**What the exercise asks**
Give the records again exactly, but drop the pictures.

**Records from a dataset**
═══
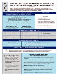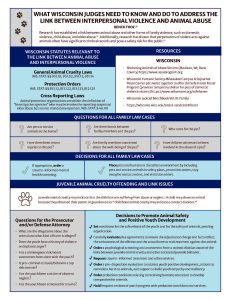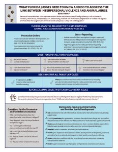 This tool serves as a supplemental resource to those existing bench cards. https://www.flcourts.gov/content/download/869062/file/Animal%20Abuse%20Benchcard%201.4.pdf
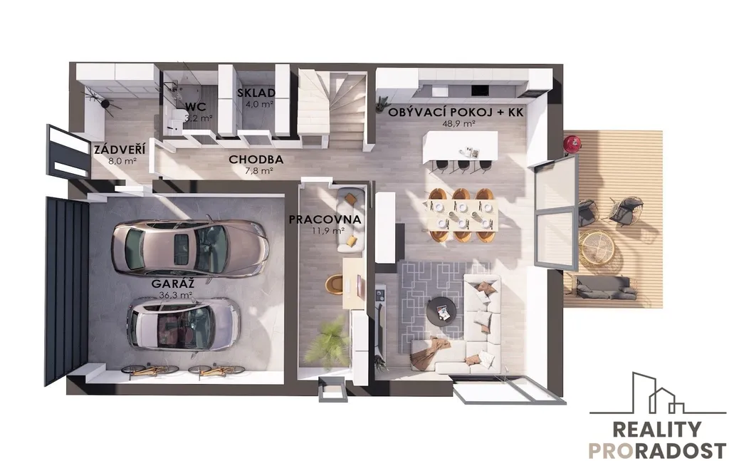 Garáž pro dvě auta: 36,3 m²
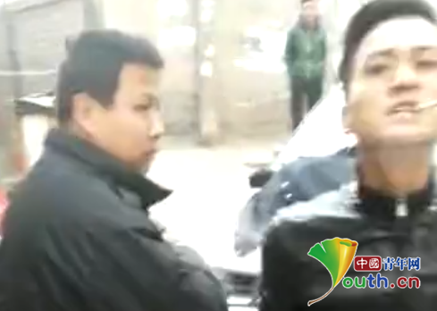 視頻中,與幾名穿黑衣制服男子一同出現(xiàn)的還有一輛沒有牌照、車門上印有“城管”字樣的車輛。在這段48秒的視頻中,一位身穿黑色制服的男子口出污言穢語近十次,并兩次上前推打視頻拍攝者。
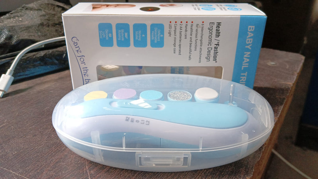 • How To Use : (1) Insert 2 X AA Batteries (2) Choose Grinding Head According To Your Baby Age (3) Attach The Grinding Head To The Top Of The Unit. To Switch Heads, Simply Pull The Current One Off And Replace 3) Hold Your Baby's Finger / Toes And Trim The Nail. (Battery not included)
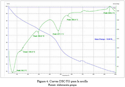 En las figuras 4 y 5 se ven los termogramas para las muestras de las materias primas, donde se observan los picos o cambios térmicos que ocurrieron en su interior. En este análisis térmico se puede ver un primer pico endotérmico a los 58,2 °C, el cual puede estar relacionado con la eliminación del agua libre de la arcilla. El punto de inflexión u onset a 139 °C puede estar asociado con una pequeña transformación del cuarzo libre presente en la muestra. El pico endotérmico a 293 °C corresponde a la transformación o transición de la fase goetita a la fase hematita. El pico endotérmico a 565,4 °C y el exotérmico a 948,3 °C corresponden a transformaciones de la caolinita, aunque el pico de 565,4 °C está muy cercano al de la transformación de cuarzo α a cuarzo β (573 °C teórico). Estos valores pueden estar ligeramente o por encima o por debajo de los teóricos, debido a que estos pueden estar reportados para la fase mineralógica pura y no para una mezcla de ellas.
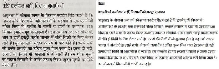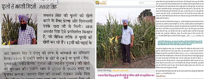 One of these stories is about Sujeet Singh from Tingori village in Mohali, Punjab. He has been an organic farmer since retiring from the Punjab police. Jagran carried his story in December 2020. Panchjanya changed the headline and certain words in the long report and removed some sections.
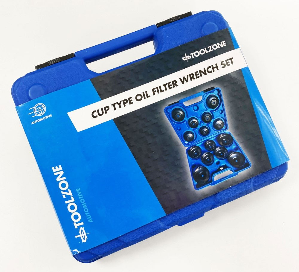 Toolzone Cup Type Oil Filter Wrench Set 16pc 65-100mm with Socket Adaptor - Toolzone Kdpau377
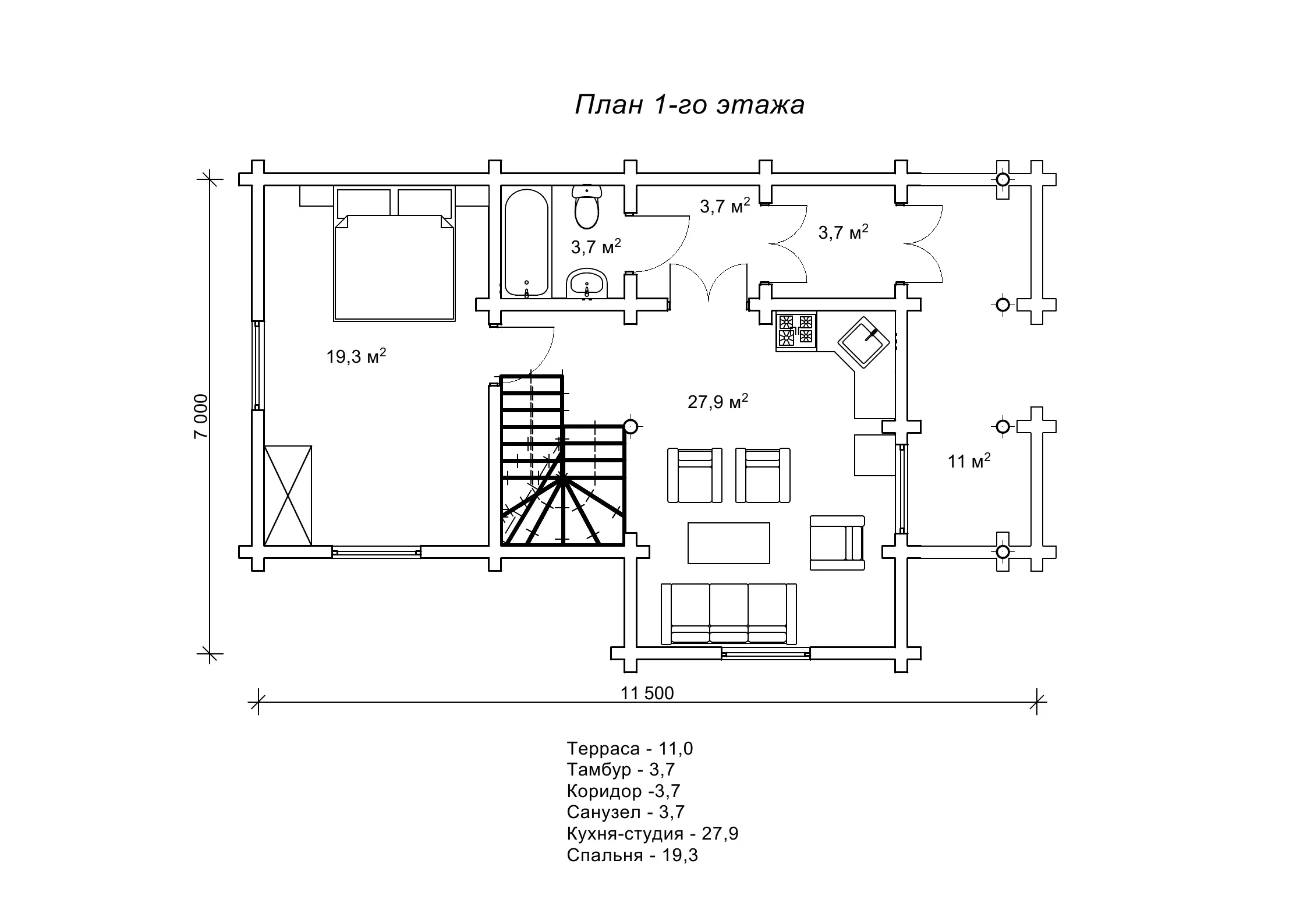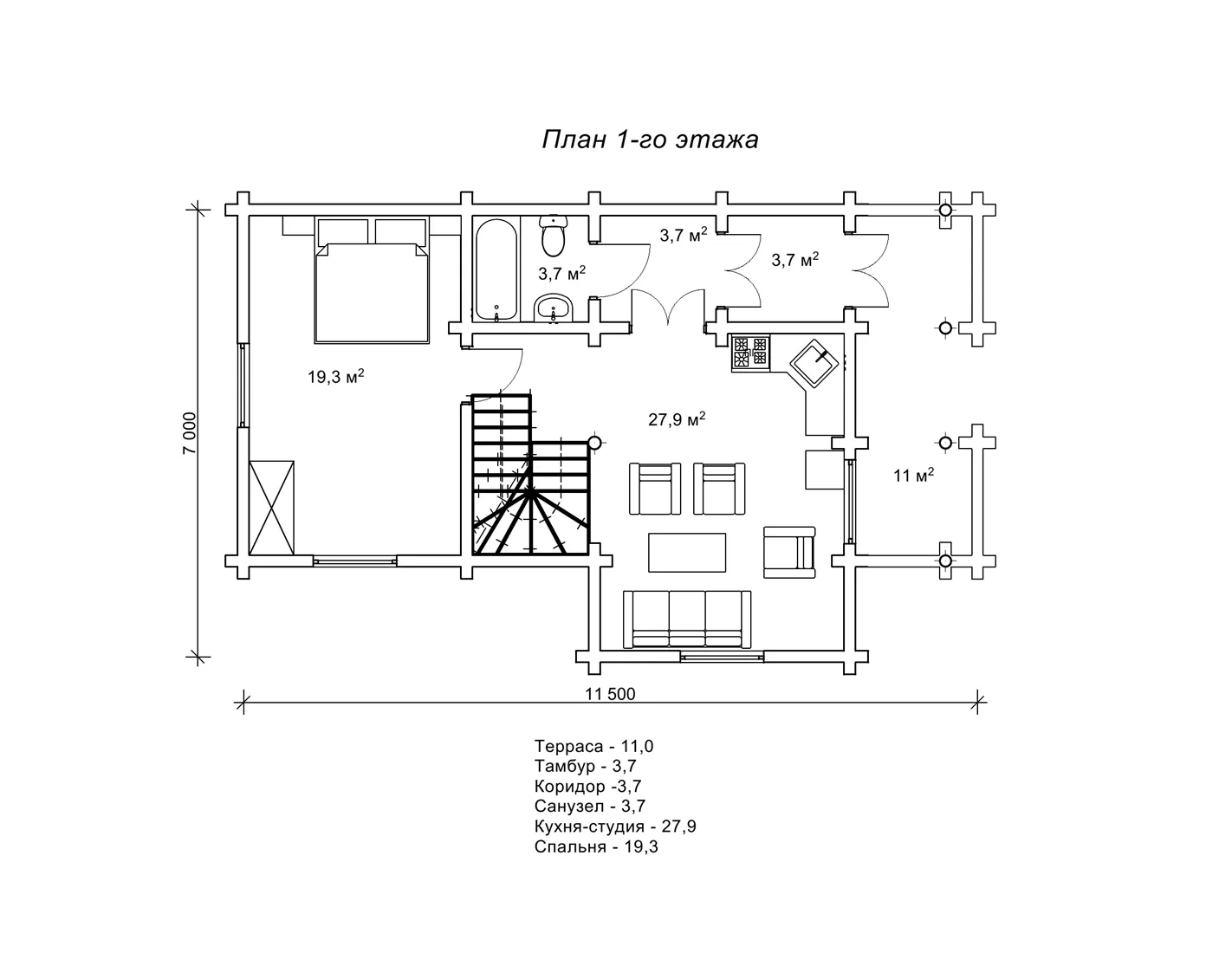 Дерев`яний будинок 7х11,5м недорого зі зрубу, ціна - «Айстра»
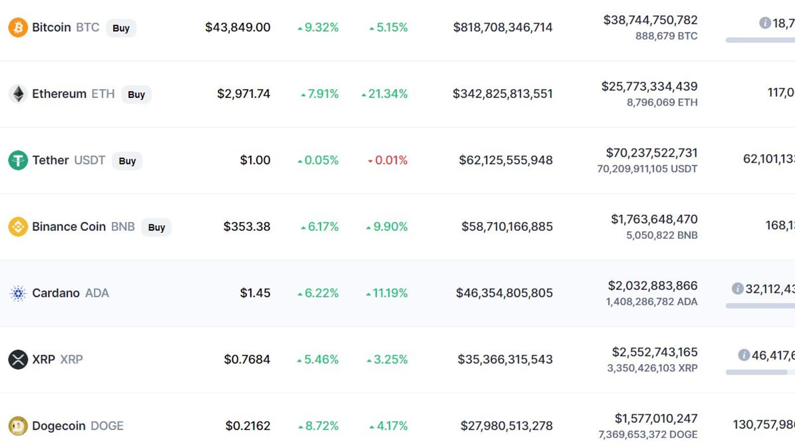 Ethereum тоже растет. За семь дней она прибавила более 20%, а за последние сутки – более 7%. В Итоге за 1 ETH сейчас дают более 2950 долларов. Еще чуть-чуть, и стоимость Ethereum перевалит за 3000 долларов. Все остальные криптовалюты из Топ-10 тоже окрашены в зеленый цвет. А больше всего за истекшую неделю прибавила Polkadot – более 30%.
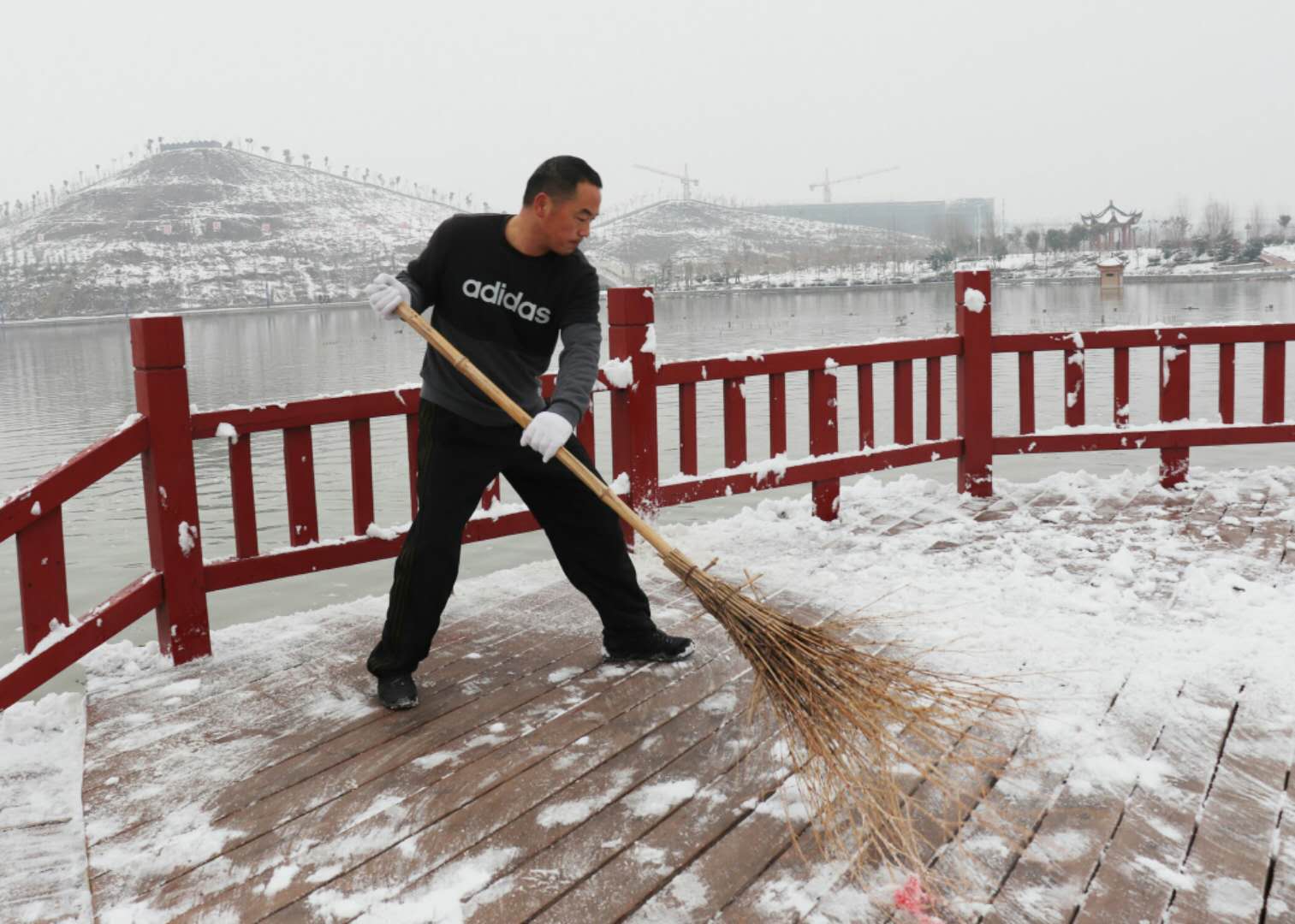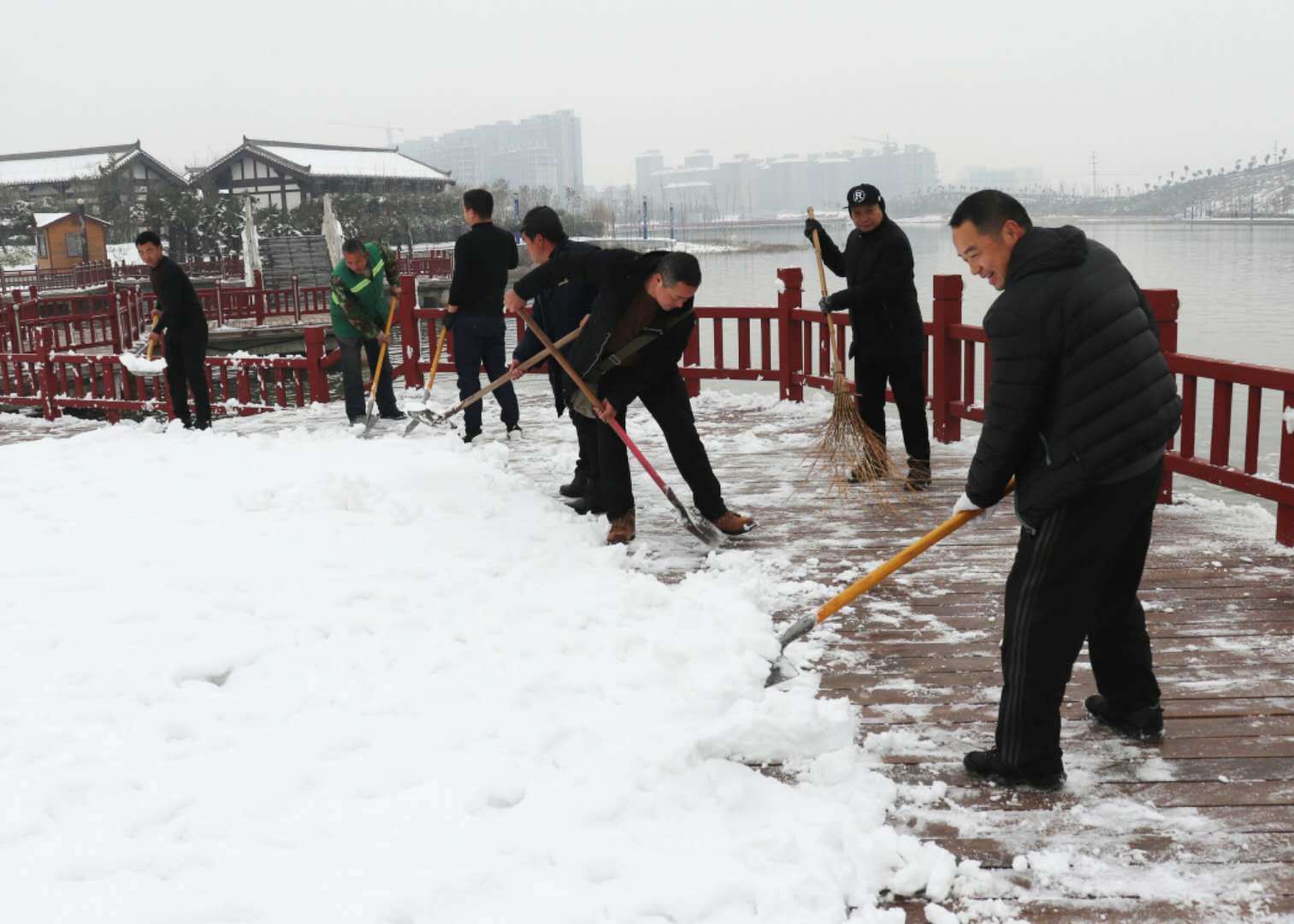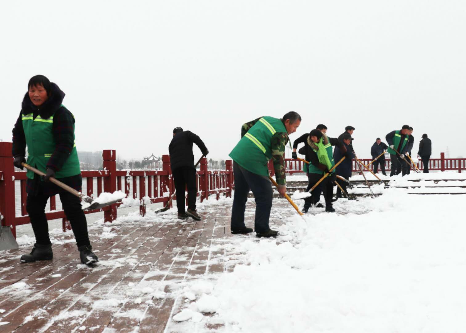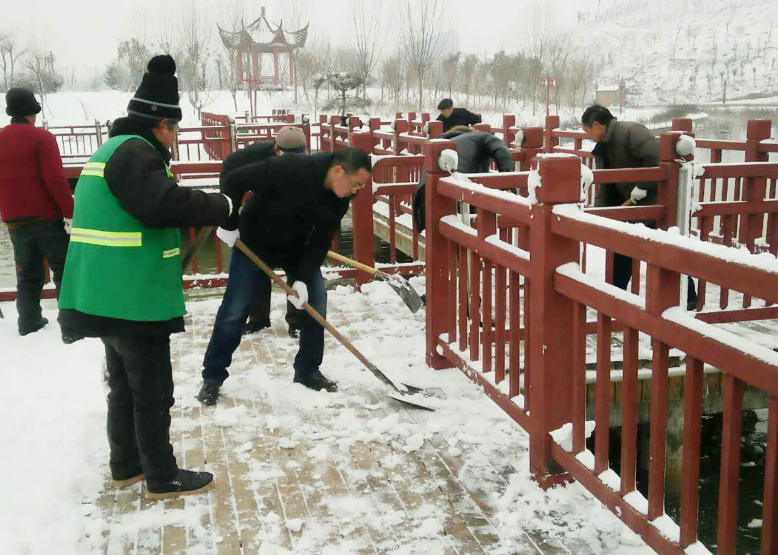 經(jīng)過兩場大雪的洗禮,空氣格外清新,但鹿邑上清湖公園內(nèi)積雪嚴重,且已結(jié)冰,給市民游園帶來了諸多不便和隱患。從早晨到下午4點半,鹿邑市政園林中心的干部職工和道德公益志愿者在上清湖集合后,投入鏟雪掃雪行動,經(jīng)過一天的緊張清掃,上清湖湖面棧道和園內(nèi)公路上的積雪清掃一遍。道德公益志愿者鐘華在微信群里提出建議后,有十幾位志愿者報名參加上清湖義務掃雪活動。
═══
**Response box**
 This tool serves as a supplemental resource to those existing bench cards. https://www.flcourts.gov/content/download/869062/file/Animal%20Abuse%20Benchcard%201.4.pdf
 Garáž pro dvě auta: 36,3 m²
 視頻中,與幾名穿黑衣制服男子一同出現(xiàn)的還有一輛沒有牌照、車門上印有“城管”字樣的車輛。在這段48秒的視頻中,一位身穿黑色制服的男子口出污言穢語近十次,并兩次上前推打視頻拍攝者。
 • How To Use : (1) Insert 2 X AA Batteries (2) Choose Grinding Head According To Your Baby Age (3) Attach The Grinding Head To The Top Of The Unit. To Switch Heads, Simply Pull The Current One Off And Replace 3) Hold Your Baby's Finger / Toes And Trim The Nail. (Battery not included)
 En las figuras 4 y 5 se ven los termogramas para las muestras de las materias primas, donde se observan los picos o cambios térmicos que ocurrieron en su interior. En este análisis térmico se puede ver un primer pico endotérmico a los 58,2 °C, el cual puede estar relacionado con la eliminación del agua libre de la arcilla. El punto de inflexión u onset a 139 °C puede estar asociado con una pequeña transformación del cuarzo libre presente en la muestra. El pico endotérmico a 293 °C corresponde a la transformación o transición de la fase goetita a la fase hematita. El pico endotérmico a 565,4 °C y el exotérmico a 948,3 °C corresponden a transformaciones de la caolinita, aunque el pico de 565,4 °C está muy cercano al de la transformación de cuarzo α a cuarzo β (573 °C teórico). Estos valores pueden estar ligeramente o por encima o por debajo de los teóricos, debido a que estos pueden estar reportados para la fase mineralógica pura y no para una mezcla de ellas.
 One of these stories is about Sujeet Singh from Tingori village in Mohali, Punjab. He has been an organic farmer since retiring from the Punjab police. Jagran carried his story in December 2020. Panchjanya changed the headline and certain words in the long report and removed some sections.
 Toolzone Cup Type Oil Filter Wrench Set 16pc 65-100mm with Socket Adaptor - Toolzone Kdpau377
 Дерев`яний будинок 7х11,5м недорого зі зрубу, ціна - «Айстра»
 Ethereum тоже растет. За семь дней она прибавила более 20%, а за последние сутки – более 7%. В Итоге за 1 ETH сейчас дают более 2950 долларов. Еще чуть-чуть, и стоимость Ethereum перевалит за 3000 долларов. Все остальные криптовалюты из Топ-10 тоже окрашены в зеленый цвет. А больше всего за истекшую неделю прибавила Polkadot – более 30%.
 經(jīng)過兩場大雪的洗禮,空氣格外清新,但鹿邑上清湖公園內(nèi)積雪嚴重,且已結(jié)冰,給市民游園帶來了諸多不便和隱患。從早晨到下午4點半,鹿邑市政園林中心的干部職工和道德公益志愿者在上清湖集合后,投入鏟雪掃雪行動,經(jīng)過一天的緊張清掃,上清湖湖面棧道和園內(nèi)公路上的積雪清掃一遍。道德公益志愿者鐘華在微信群里提出建議后,有十幾位志愿者報名參加上清湖義務掃雪活動。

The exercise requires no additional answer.